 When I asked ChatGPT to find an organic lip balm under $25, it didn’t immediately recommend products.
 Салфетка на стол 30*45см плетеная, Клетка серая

━━━━

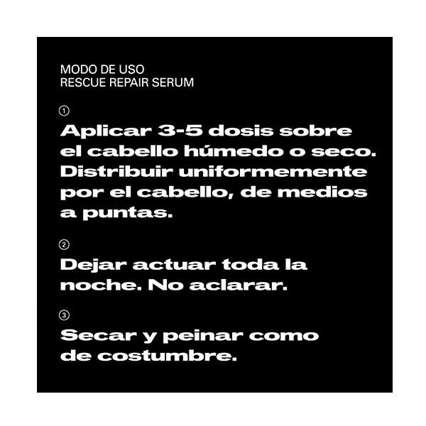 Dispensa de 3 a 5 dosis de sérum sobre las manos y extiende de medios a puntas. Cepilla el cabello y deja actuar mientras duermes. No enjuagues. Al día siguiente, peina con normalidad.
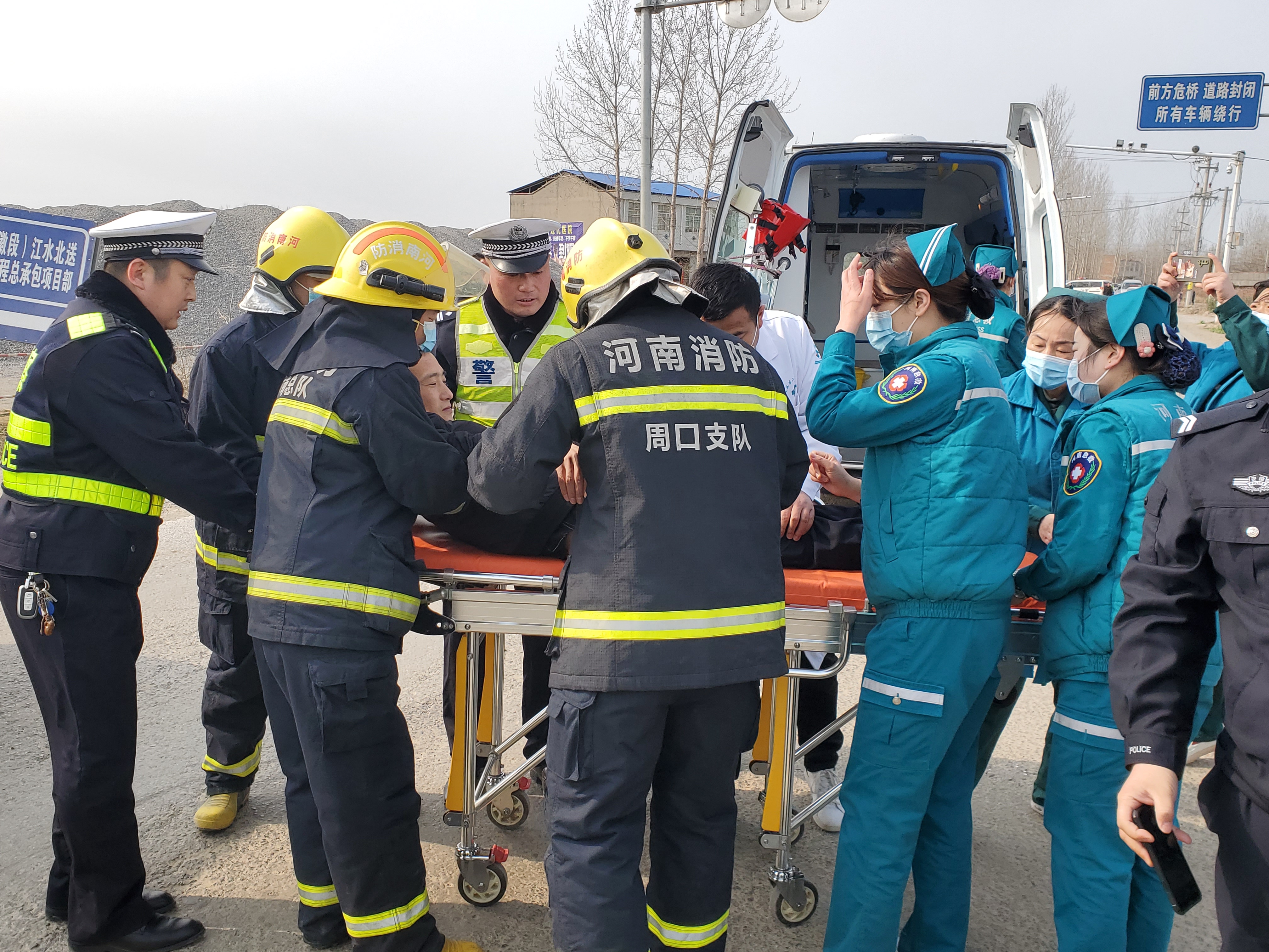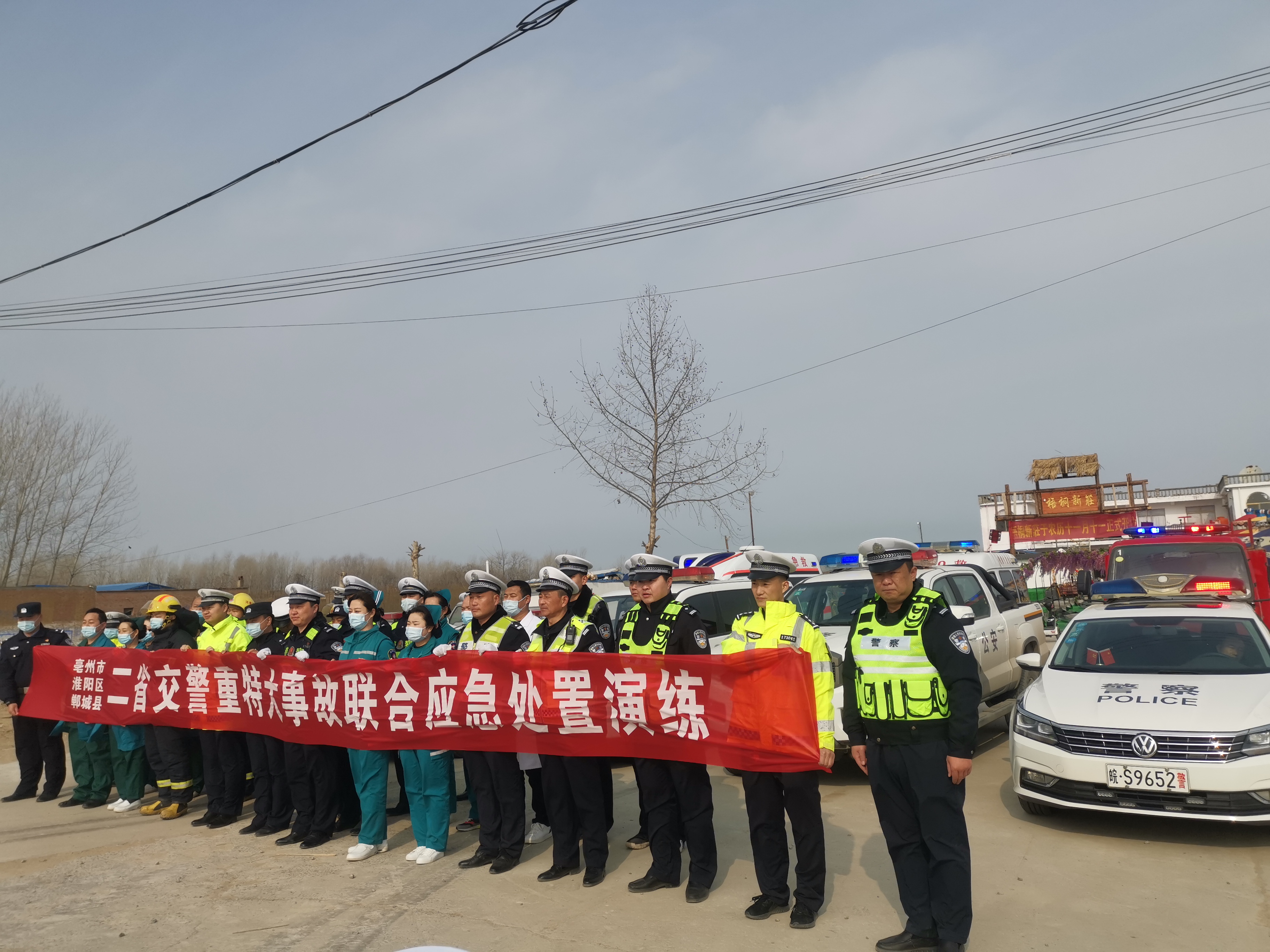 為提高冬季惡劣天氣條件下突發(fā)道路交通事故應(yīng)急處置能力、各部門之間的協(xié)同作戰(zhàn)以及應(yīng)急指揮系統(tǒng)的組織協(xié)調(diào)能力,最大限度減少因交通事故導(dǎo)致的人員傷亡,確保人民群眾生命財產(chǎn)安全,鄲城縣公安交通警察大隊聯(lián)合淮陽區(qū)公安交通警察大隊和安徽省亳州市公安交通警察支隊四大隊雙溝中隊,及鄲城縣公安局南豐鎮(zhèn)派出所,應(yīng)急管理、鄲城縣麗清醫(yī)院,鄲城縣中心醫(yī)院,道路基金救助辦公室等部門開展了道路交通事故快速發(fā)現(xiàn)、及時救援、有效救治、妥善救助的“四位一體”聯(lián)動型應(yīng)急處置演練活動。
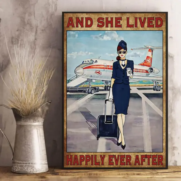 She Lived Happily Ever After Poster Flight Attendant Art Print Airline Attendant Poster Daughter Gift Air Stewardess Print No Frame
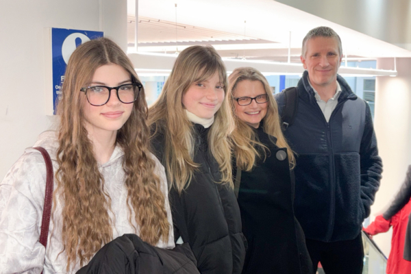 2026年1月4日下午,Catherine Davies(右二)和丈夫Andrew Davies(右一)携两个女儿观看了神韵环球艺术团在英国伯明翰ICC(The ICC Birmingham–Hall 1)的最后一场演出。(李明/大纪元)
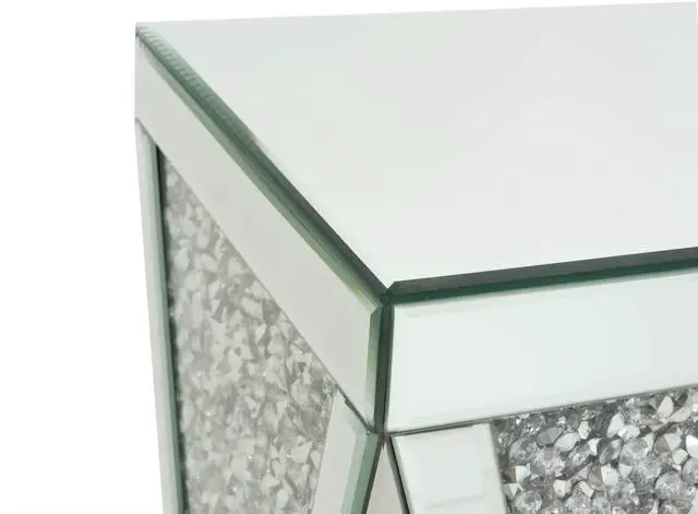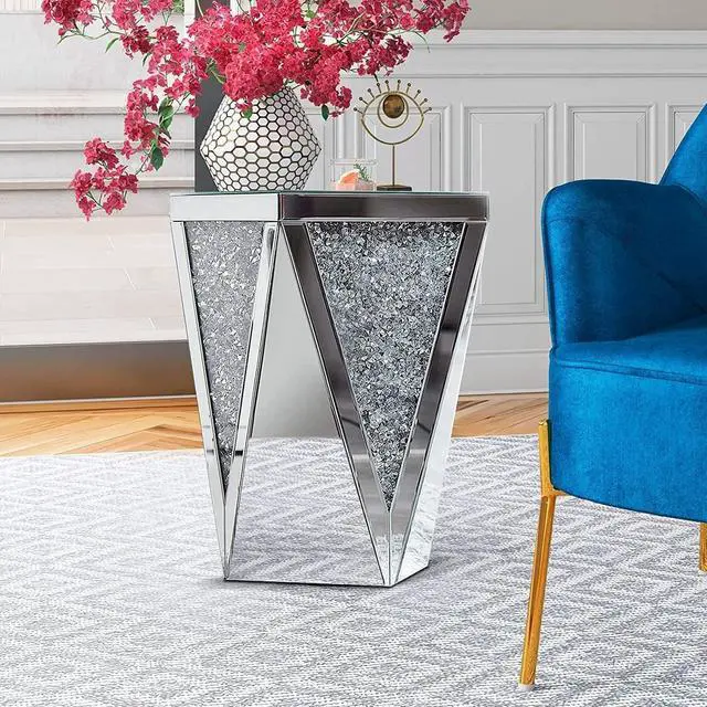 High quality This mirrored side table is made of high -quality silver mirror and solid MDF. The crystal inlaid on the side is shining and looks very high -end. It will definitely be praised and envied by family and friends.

━━━━

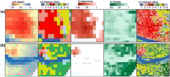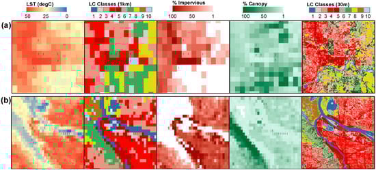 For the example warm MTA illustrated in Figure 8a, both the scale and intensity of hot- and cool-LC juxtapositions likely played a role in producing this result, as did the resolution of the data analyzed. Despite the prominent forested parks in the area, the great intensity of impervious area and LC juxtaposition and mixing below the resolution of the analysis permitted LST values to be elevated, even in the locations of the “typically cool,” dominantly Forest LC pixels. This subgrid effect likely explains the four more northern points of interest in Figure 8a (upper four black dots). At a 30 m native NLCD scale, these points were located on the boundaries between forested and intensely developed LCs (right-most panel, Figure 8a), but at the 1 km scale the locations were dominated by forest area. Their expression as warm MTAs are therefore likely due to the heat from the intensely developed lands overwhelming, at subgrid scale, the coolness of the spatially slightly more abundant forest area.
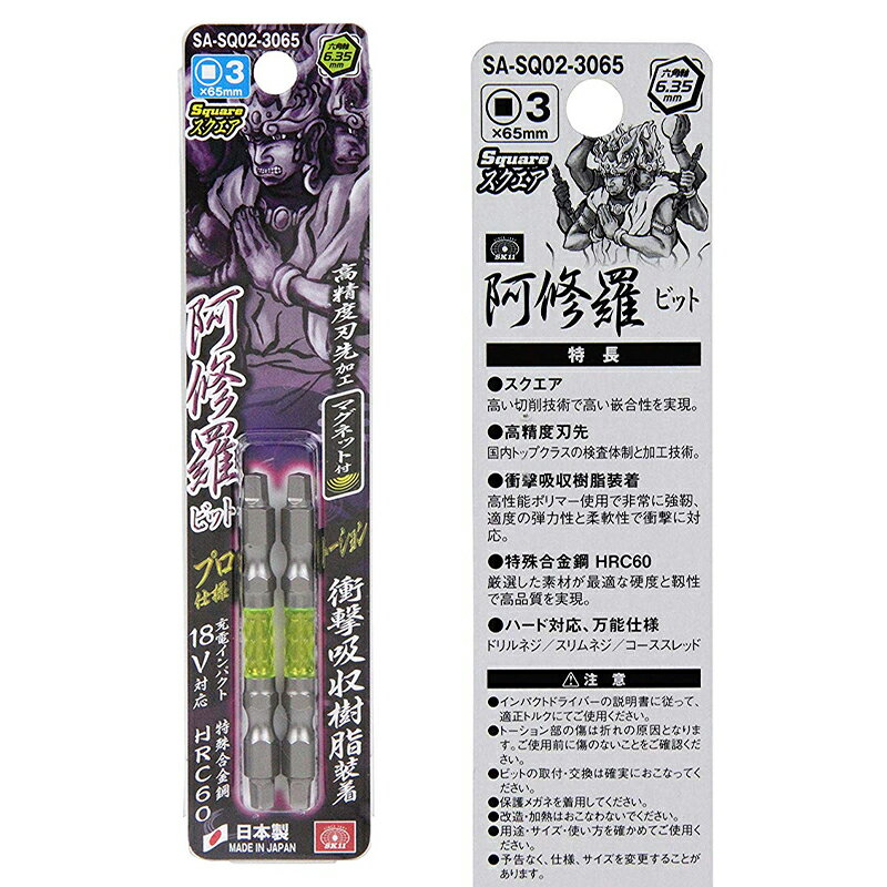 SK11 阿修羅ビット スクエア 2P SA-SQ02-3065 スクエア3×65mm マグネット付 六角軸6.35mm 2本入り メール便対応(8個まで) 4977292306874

━━━━

From the line holding "Dispensa de 3" to the line holding "High quality This", both included, retype the entries above exactly and drop the pictures.

Task solution
 Dispensa de 3 a 5 dosis de sérum sobre las manos y extiende de medios a puntas. Cepilla el cabello y deja actuar mientras duermes. No enjuagues. Al día siguiente, peina con normalidad.
 為提高冬季惡劣天氣條件下突發(fā)道路交通事故應(yīng)急處置能力、各部門之間的協(xié)同作戰(zhàn)以及應(yīng)急指揮系統(tǒng)的組織協(xié)調(diào)能力,最大限度減少因交通事故導(dǎo)致的人員傷亡,確保人民群眾生命財產(chǎn)安全,鄲城縣公安交通警察大隊聯(lián)合淮陽區(qū)公安交通警察大隊和安徽省亳州市公安交通警察支隊四大隊雙溝中隊,及鄲城縣公安局南豐鎮(zhèn)派出所,應(yīng)急管理、鄲城縣麗清醫(yī)院,鄲城縣中心醫(yī)院,道路基金救助辦公室等部門開展了道路交通事故快速發(fā)現(xiàn)、及時救援、有效救治、妥善救助的“四位一體”聯(lián)動型應(yīng)急處置演練活動。
 She Lived Happily Ever After Poster Flight Attendant Art Print Airline Attendant Poster Daughter Gift Air Stewardess Print No Frame
 2026年1月4日下午,Catherine Davies(右二)和丈夫Andrew Davies(右一)携两个女儿观看了神韵环球艺术团在英国伯明翰ICC(The ICC Birmingham–Hall 1)的最后一场演出。(李明/大纪元)
 High quality This mirrored side table is made of high -quality silver mirror and solid MDF. The crystal inlaid on the side is shining and looks very high -end. It will definitely be praised and envied by family and friends.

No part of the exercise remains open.